Sorry about your dog. I found a mutt puppy starving beside a country road 2 years ago. He appears to be part Staffordshire terrier and  something else with wire hair and a long tight curl tail. Black & white. With little training took him with us tracking last year and except for being afraid to swim big creeks and little rivers, he did a pretty good job and recovered 5 deer on his own. He has trouble stopping and baying a wounded deer by himself. Weighs 34 lbs. We have been working on his weak points this summer.


----------



## Dennis (Sep 1, 2016)

I've got a walker dog that will blood trail but she would do better if I could find a way to slow her down any body got any ideas


----------



## rvick (Sep 1, 2016)

Dennis said:


> I've got a walker dog that will blood trail but she would do better if I could find a way to slow her down any body got any ideas



 We always wrapped the tracking  lead around  their loins in a half hitch when training a dog that wanted to pull hard or was too fast. The dog needs to be taught "whoa" or "easy" anyway. Sometimes running the lead under the dog and pulling it's nose into the the ground helps. I'm guessing this is a running Walker instead of a treeing Walker. May have your hands full on slowing it down, but it can be done. I have a Drahthaar that needs to run out about 20 minutes worth of energy before she will settle in on a track. Good luck.


----------



## muzzy17is (Sep 5, 2016)

If I was gonna have a tracking dog I would like to try a beagle/cur mix.
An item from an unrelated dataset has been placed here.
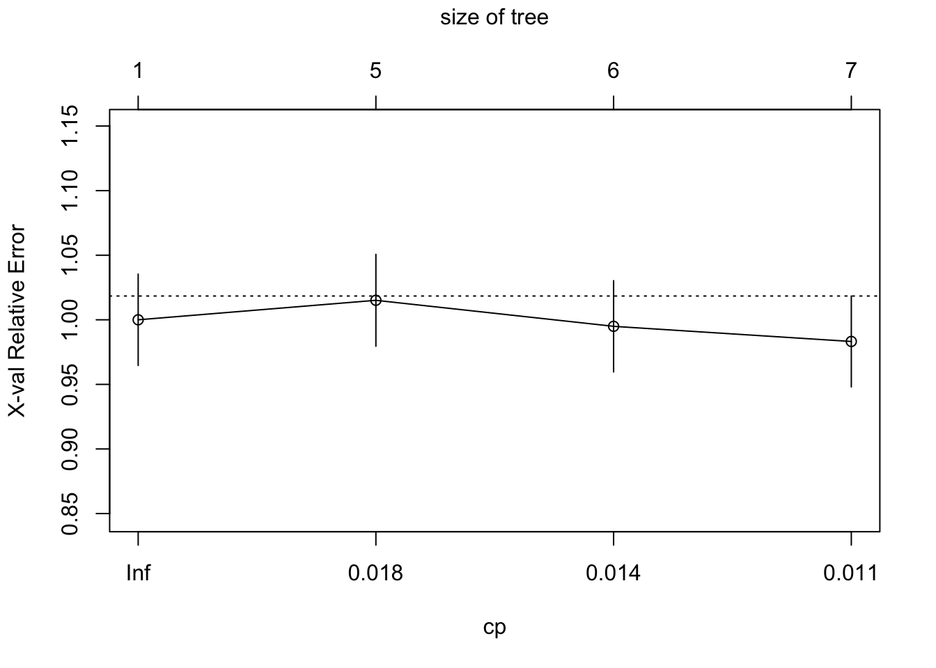 We can now prune the tree using a limit for the complexity parameter \(cp\). This will indicate that only a split with CP higher than the limit is worth it.

Preferably a Catahoula cur/beagle mix, short legged, medium to hot nose and not super gritty but smart.


----------



## Dennis (Sep 5, 2016)

It is a treeing walker and it too needs to run around first then she will settle down and track but she gets excited and over runs the trail but she has as always found the deer it's just not pretty or quick


----------



## king killer delete (Sep 5, 2016)

My lab and my beagle will do it


----------



## EthanJ (Sep 7, 2016)

My bloodhound is awesome.  I never really trained him.  Just got him to find me when he was a puppy.  His first blood trail was a deer shot in the shoulder with a .223.  Very little blood.  Trail was about a mile and a half (checked with fitbit) .  He stayed on the trail great, never left it.  I started to doubt him one time after 30 minutes of no blood but then we found a tiny drop.  He has since tracked quite a few deer and done flawlessly.  Only problem I've had is he wants to run wide open and can drag you a little when  he hits a really strong, fresh blood trail.


----------



## Dennis (Sep 12, 2016)

Mine is waiting on me to shoot something


----------



## Tadpole23 (Oct 30, 2016)

I run a blue pit that's about 105 pounds. Got a heck of a nose on him never tracked anything older than 18 hours but he found that deer no problem. Problem with alot of dog is they won't stop the deer if it breaks out of the bed.  A good dog can stop him within a few hundred yards most of the time. If dog just keeps pushing deer it makes for along track. 84% of deer we track are alive when we find them dog does a great job of keeping deer in one spot until we can finish the job.


----------